[EXERCISE REQUIREMENTS]: From the first line to the last, copy the listing exactly and omit the pictures.

[DATA BLOCK]:
Content starts
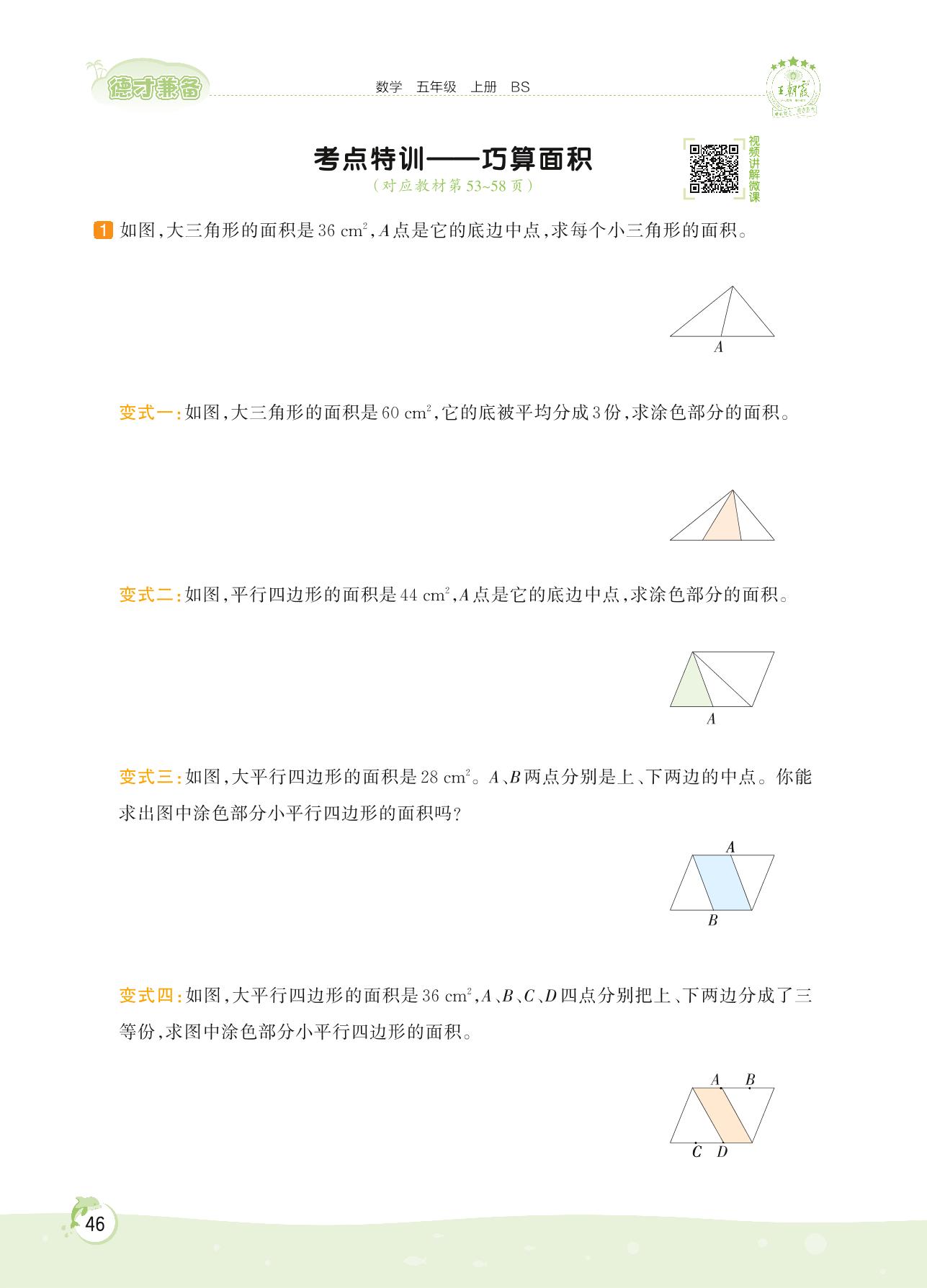 2022上册五年级数学北师版 第四单元 多边形的面积 ——考点特训 巧算面积
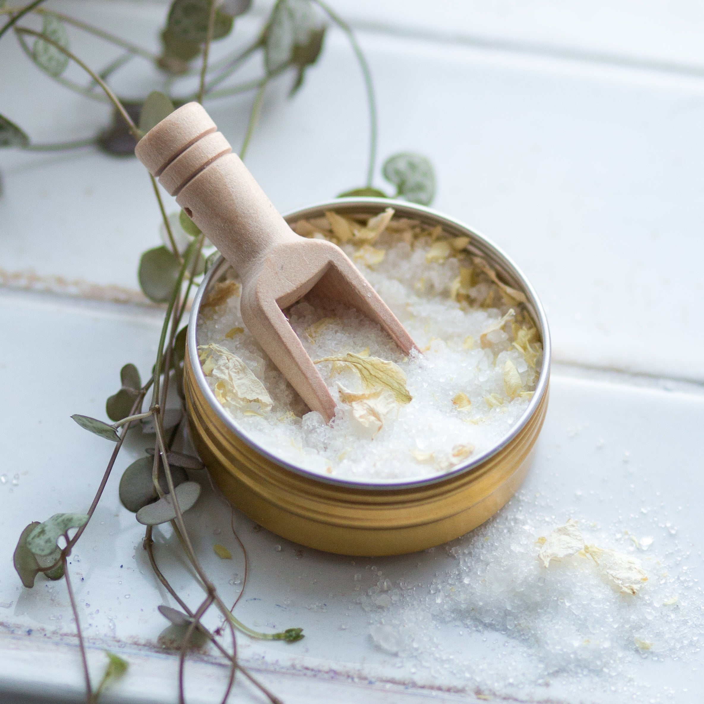 All of our soaking salts are made with a soothing blend of Epsom salts and Dead Sea salts, using both fine and coarse grain textures. Each mix is lightly sprinkled with 100% natural, biodegradable dried petals in soft ivory and off-white tones, adding a gentle touch of fragrance and elegance.
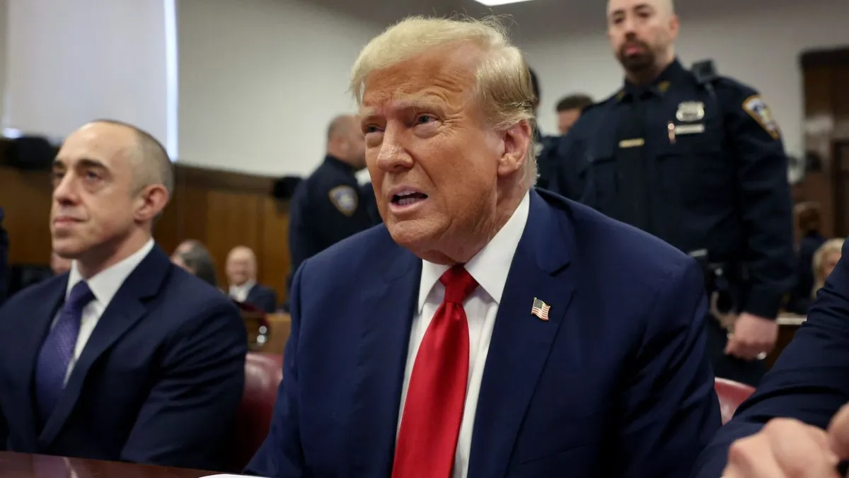 الرئيس الأميركي السابق دونالد ترمب مع محاميه في محكمة مانهاتن الجنائية في نيويورك. 25 أبريل 2024 - Bloomberg
Content ends
[ANSWER BOX]:
 2022上册五年级数学北师版 第四单元 多边形的面积 ——考点特训 巧算面积
 All of our soaking salts are made with a soothing blend of Epsom salts and Dead Sea salts, using both fine and coarse grain textures. Each mix is lightly sprinkled with 100% natural, biodegradable dried petals in soft ivory and off-white tones, adding a gentle touch of fragrance and elegance.
 الرئيس الأميركي السابق دونالد ترمب مع محاميه في محكمة مانهاتن الجنائية في نيويورك. 25 أبريل 2024 - Bloomberg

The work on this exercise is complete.